For example, the best frameworks on TechEmpower are all Rust, C and C++ with the best Java coming in at 25% slower on that microbenchmark. My point stands - it is generally true that well written rust/c/c++ outperforms well written Java and .Net and not just with lower memory usage. The “engineering effort per performance” maybe skews to Java but that’s different than absolute performance. With rust to me it’s also less clear if that is actually even true.

[1] https://www.techempower.com/benchmarks/#section=data-r23

pjmlp 10/31/2025|||
This kind of discussions are always a wasted effort, because in the end we are all using Electron based apps, and Python scripting for AI tools.

It doesn't matter to win benchmarks games if the customer doesn't get what they need, but runs at blazing speed.

CJefferson 10/31/2025||||
Honestly, if these languages are only winning by 25% in microbenchmarks, where I’d expect the difference to be biggest, that’s a strong boost for Java for me. I didn’t realise it was so close, and I hate async programming so I’m definitely not doing it for an, at most, 25% boost.
jmaker 11/1/2025|||
It’s not about the languages only, but also about runtimes and libraries. The vert.x vertices are reactive. Java devrel folks push everyone from reactive to virtual threads now. You won’t see it perform in that ballpark. If you look at the bottom of the benchmark results table, you’ll find Spring Boot (servlets and a bit higher Reactor), together with Django (Python). So “Java” in practice is different from niche Java. And if you look inside at the codebase, you’ll see the JVM options. In addition, they don’t directly publish CPU and memory utilization. You can extract it from the raw results, but it’s inconclusive.

This stops short of actually validating the benchmark payloads and hardware against your specific scenario.

vips7L 11/2/2025||
> So “Java” in practice is different from niche Java.
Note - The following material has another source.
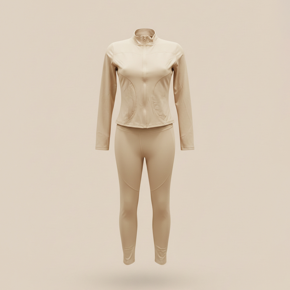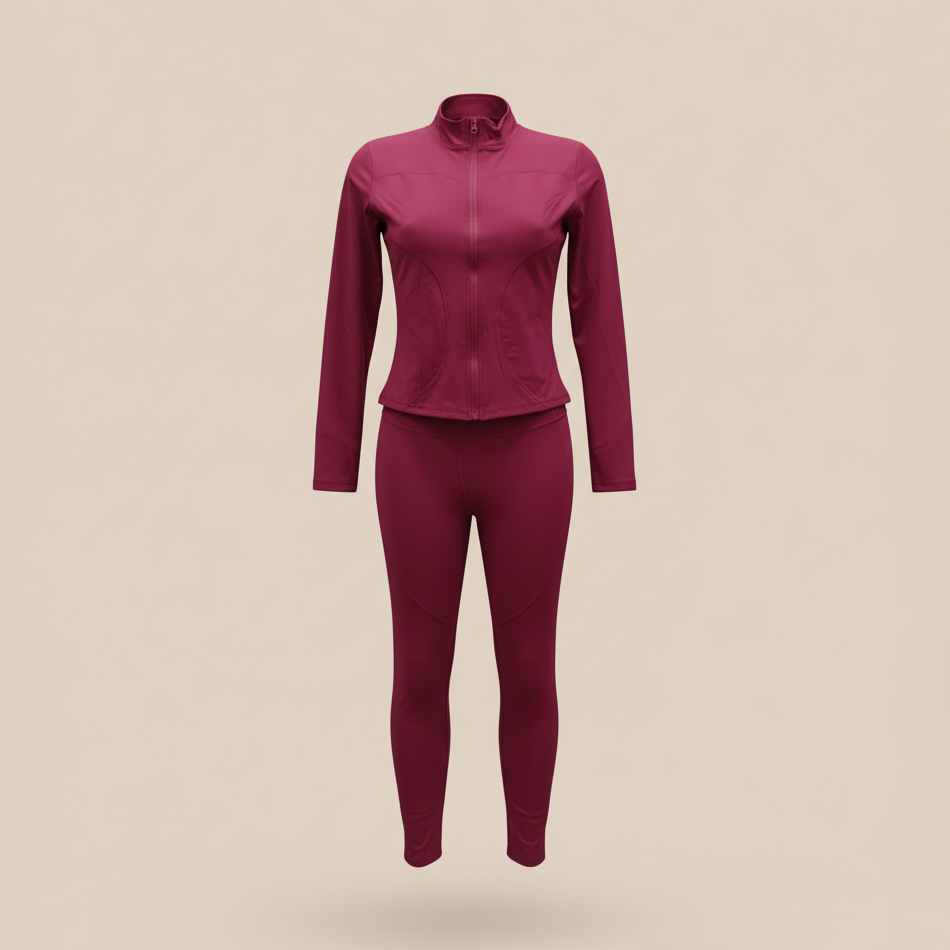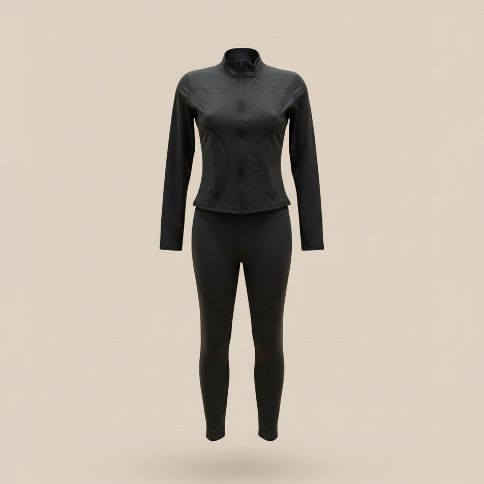 La veste zippée épouse la forme du corps sans comprimer, tandis que le pantalon taille haute assure un excellent maintien.

This is an odd take, especially when in the discussion of Rust. In practice when talking about projects using Rust as an http server backend is non-existent in comparison. Does that mean we just get to write off the Rust benchmarks?

Java performs, as shown by the benchmarks.

jmaker 11/2/2025||
I don’t understand what you’re saying. Typical Java is Spring Boot. Typical Rust is Axum and Actix. I don’t see why it would make sense to push the argument ad absurdum. Vert.x is not typical Java, its not easy to get it right. But Java the ecosystem profits from Netty in terms of performance, which does the best it can to avoid the JVM, the runtime system. And it’s not always about “HTTP servers” though that’s what that TechEmpower benchmark subject matter is about - frameworks, not just languages.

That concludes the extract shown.